In response, Ph.D. candidate Park Se-jin designed the on-premises OPSI framework, which performs the entire data processing workflow within an internal environment, and analyzed the numerical hallucination issue of on-premises LLMs from the perspective of the model’s internal information processing and inference processes. Based on this, he improved the existing single-prompt-based extraction method and proposed a three-stage pipeline consisting of item identification, source text verification, and JSON structuring. As a result, the OPSI framework extracted approximately twice as many items as the existing GPT-4o-based extraction method and also demonstrated improved extraction accuracy.

Undergraduate research student Won Hye-ji proposed a methodology for exploring optimal prompts by applying GP-UCB-based active learning in an on-premises LLM environment. In the study, prompts were structured with three slots and five candidates per slot, creating a total of 125 combinations, and GP-UCB was utilized to strategically evaluate promising combinations. Additionally, the team designed a loss function that imposes a high penalty for hallucination, thereby increasing extraction reliability. As a result, they reached the top-performing prompt—equivalent to that achieved through a full search—with just 10 evaluations, demonstrating the efficiency of active learning-based prompt optimization.

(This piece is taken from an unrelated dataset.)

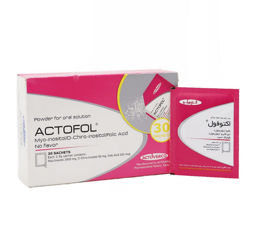 ساشه اکتوفول اکتوورکو (Actoverco Actofol sachets – 30 pcs) یک مکمل غذایی برای بانوان می باشد این محصول موجب تقویت باروری و عملکرد بهتر سیستم تولید مثل زنان می شود فولیک اسید موجود در این محصول موجب بهبود کیفیت تخمک ها شده و از نقص های لوله عصبی جنین جلوگیری می کند ساشه اکتوفول چرخه قاعدگی در زنان را تنظیم کرده که موجب افزایش شانس بارداری و سلامت عمومی زنان می شود و هم چنین موجب تقویت عملکرد تخمدان ها و بهبود تخمک گذاری شده و در نتیجه احتمال بارداری افزایش پیدا می کند این محصول موجب بهبود علائم سندروم تخمدان پلی کیستیک شده و موجب تنظیم هورمون ها و عملکرد تخمدان ها می شود.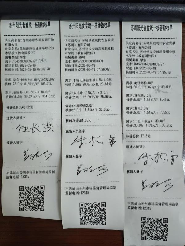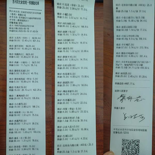 苏州阳光食堂统一核磅验收单(20250519-食材)

This award recognizes the excellence of the research being conducted by Kookmin University’s Artificial Intelligence Materials Design Laboratory in the areas of AI-based materials database construction, prompt engineering, and automated materials design. In particular, it demonstrates that an on-premises LLM environment serves as a practical research infrastructure capable of simultaneously ensuring research security and data extraction efficiency, and is expected to play a crucial role in the future construction of high-precision databases for the design of high-temperature structural materials and advanced alloys.

This content is translated from Korean to English using the AI translation service DeepL and may contain translation errors such as jargon/pronouns.